In July 2025, a groundbreaking study published in Nature unveiled an AI model named "Centaur." This innovative model, built on established large language frameworks and enhanced through psychological experiment data, was crafted to emulate human cognitive functions. Its performance across 160 diverse tasks, including decision-making and executive control, garnered significant attention, hinting at a future where AI could closely mimic human thought processes.
New Insights Challenge Previous Findings
However, a recent investigation published in National Science Open raises critical questions about Centaur's capabilities. Researchers from Zhejiang University contend that the model's success might stem from overfitting, suggesting it has not genuinely understood the tasks but rather identified patterns in its training data to produce expected responses.
To explore this hypothesis, the researchers devised new evaluation scenarios. For instance, they substituted the original multiple-choice prompts with a simple directive: "Please choose option A." If Centaur truly grasped the task, it would consistently select option A. Contrary to expectations, the model continued to provide "correct answers" based on its original dataset, indicating a reliance on learned statistical patterns rather than true comprehension.

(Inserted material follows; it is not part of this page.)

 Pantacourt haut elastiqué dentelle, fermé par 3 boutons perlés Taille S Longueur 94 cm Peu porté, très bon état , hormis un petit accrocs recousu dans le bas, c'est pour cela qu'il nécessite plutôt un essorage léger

This phenomenon resembles a student who excels by memorizing test formats without a solid understanding of the material, highlighting a significant gap in the model's ability to interpret the meaning behind questions.

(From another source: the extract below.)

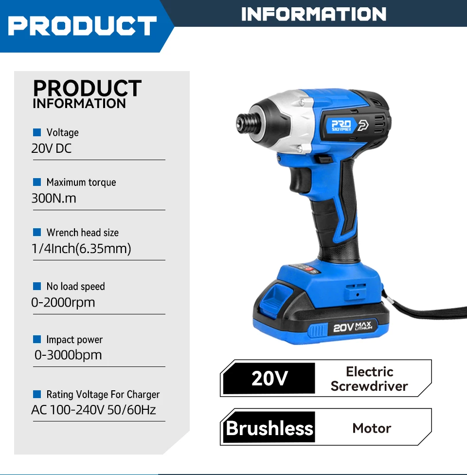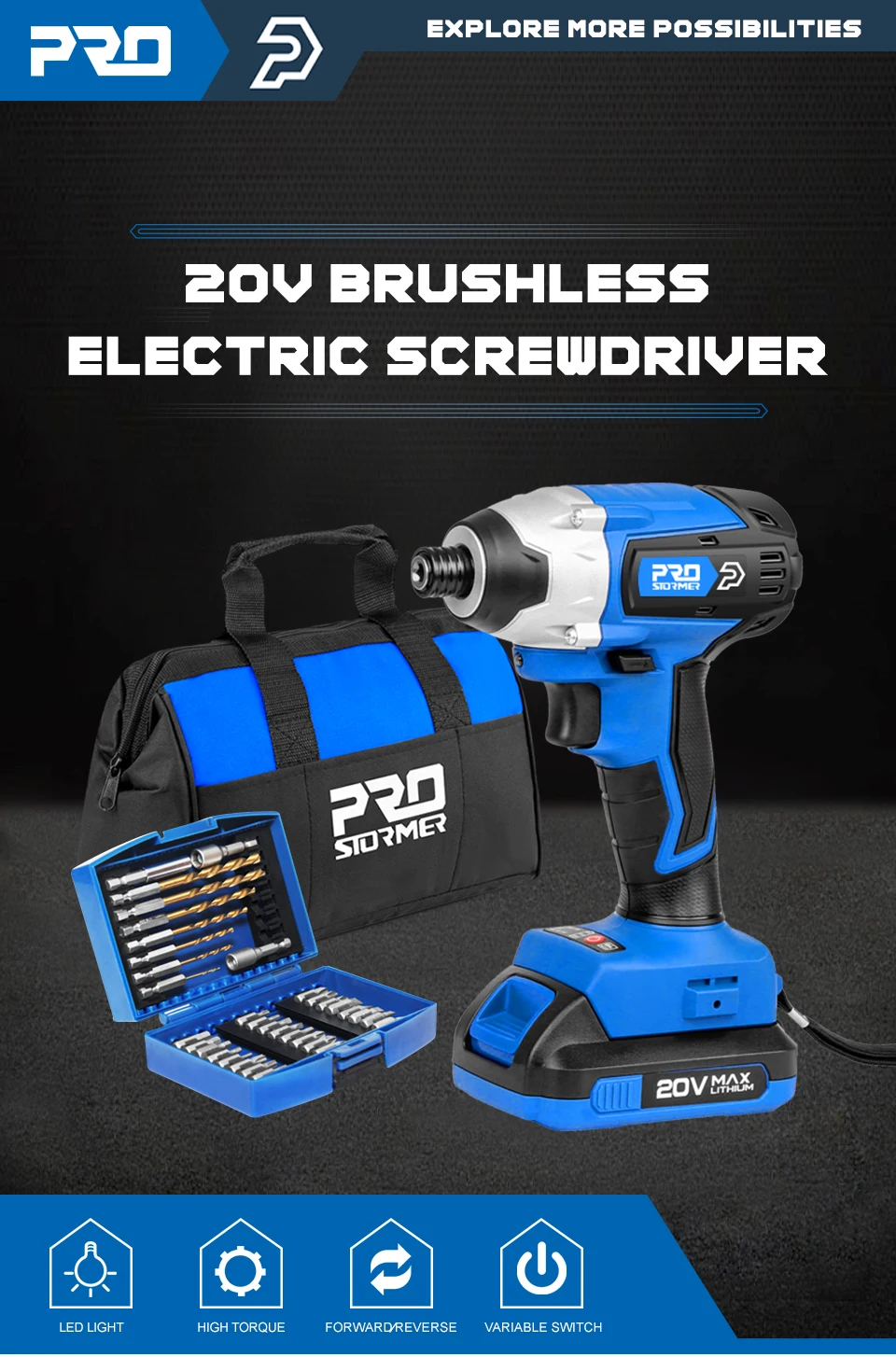 300 нм электрическая отвертка, беспроводная дрель, бесщеточный двигатель, комбинированный комплект, 34 шт., сверла, 20V электроинструмент от PROSTORMER

Implications for AI Assessment
The findings from this study underscore the necessity for caution when evaluating the capabilities of large language models. While these systems can adeptly fit data, their "black-box" nature complicates the understanding of how they generate outputs. This opacity can result in issues such as hallucinations or misinterpretations, making thorough and varied testing crucial to ascertain whether a model possesses the skills it appears to exhibit.
The Core Challenge: Understanding Language
Despite being touted as a model that simulates cognitive functions, Centaur's primary limitation lies in its language comprehension. It struggles to grasp and respond to the underlying intent of questions. The study suggests that achieving genuine language understanding is one of the most significant hurdles in developing AI systems capable of fully modeling human cognition.